# SOURCE MATERIAL
+--
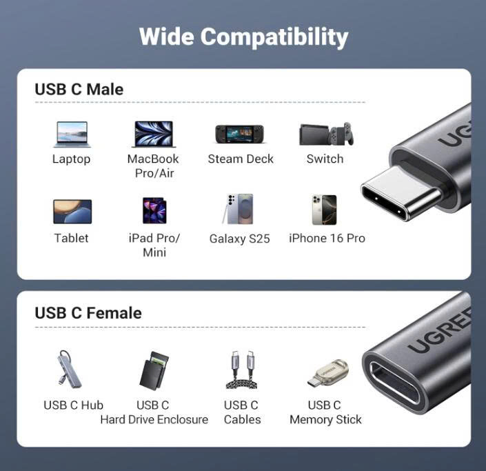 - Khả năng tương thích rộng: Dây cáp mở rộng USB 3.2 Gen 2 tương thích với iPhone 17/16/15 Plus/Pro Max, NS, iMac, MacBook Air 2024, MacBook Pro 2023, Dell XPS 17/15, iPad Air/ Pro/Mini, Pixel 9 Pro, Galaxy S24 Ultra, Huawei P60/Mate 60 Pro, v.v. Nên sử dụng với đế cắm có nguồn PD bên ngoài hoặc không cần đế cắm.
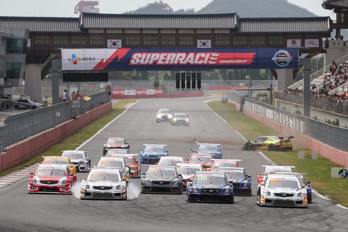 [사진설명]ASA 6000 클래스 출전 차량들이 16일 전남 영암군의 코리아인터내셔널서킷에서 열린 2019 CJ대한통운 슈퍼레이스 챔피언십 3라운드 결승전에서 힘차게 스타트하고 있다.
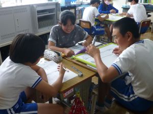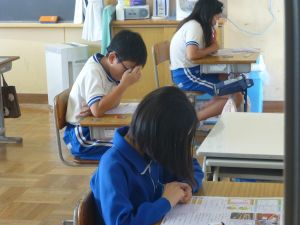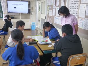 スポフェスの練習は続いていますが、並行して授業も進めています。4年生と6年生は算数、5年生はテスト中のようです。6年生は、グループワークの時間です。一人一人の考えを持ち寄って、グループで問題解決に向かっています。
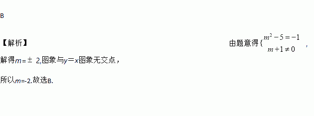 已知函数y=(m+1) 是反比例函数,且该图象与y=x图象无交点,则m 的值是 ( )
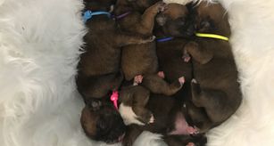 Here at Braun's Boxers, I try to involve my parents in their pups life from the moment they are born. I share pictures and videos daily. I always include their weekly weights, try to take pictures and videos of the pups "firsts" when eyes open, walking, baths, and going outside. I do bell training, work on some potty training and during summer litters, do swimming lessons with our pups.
+--
What is needed is a verbatim copy of the lines running from the one with "[사진설명]ASA 6000 클래스" through the last line of the listing above, excluding any pictures.

# FINAL ANSWER
 [사진설명]ASA 6000 클래스 출전 차량들이 16일 전남 영암군의 코리아인터내셔널서킷에서 열린 2019 CJ대한통운 슈퍼레이스 챔피언십 3라운드 결승전에서 힘차게 스타트하고 있다.
 スポフェスの練習は続いていますが、並行して授業も進めています。4年生と6年生は算数、5年生はテスト中のようです。6年生は、グループワークの時間です。一人一人の考えを持ち寄って、グループで問題解決に向かっています。
 已知函数y=(m+1) 是反比例函数,且该图象与y=x图象无交点,则m 的值是 ( )
 Here at Braun's Boxers, I try to involve my parents in their pups life from the moment they are born. I share pictures and videos daily. I always include their weekly weights, try to take pictures and videos of the pups "firsts" when eyes open, walking, baths, and going outside. I do bell training, work on some potty training and during summer litters, do swimming lessons with our pups.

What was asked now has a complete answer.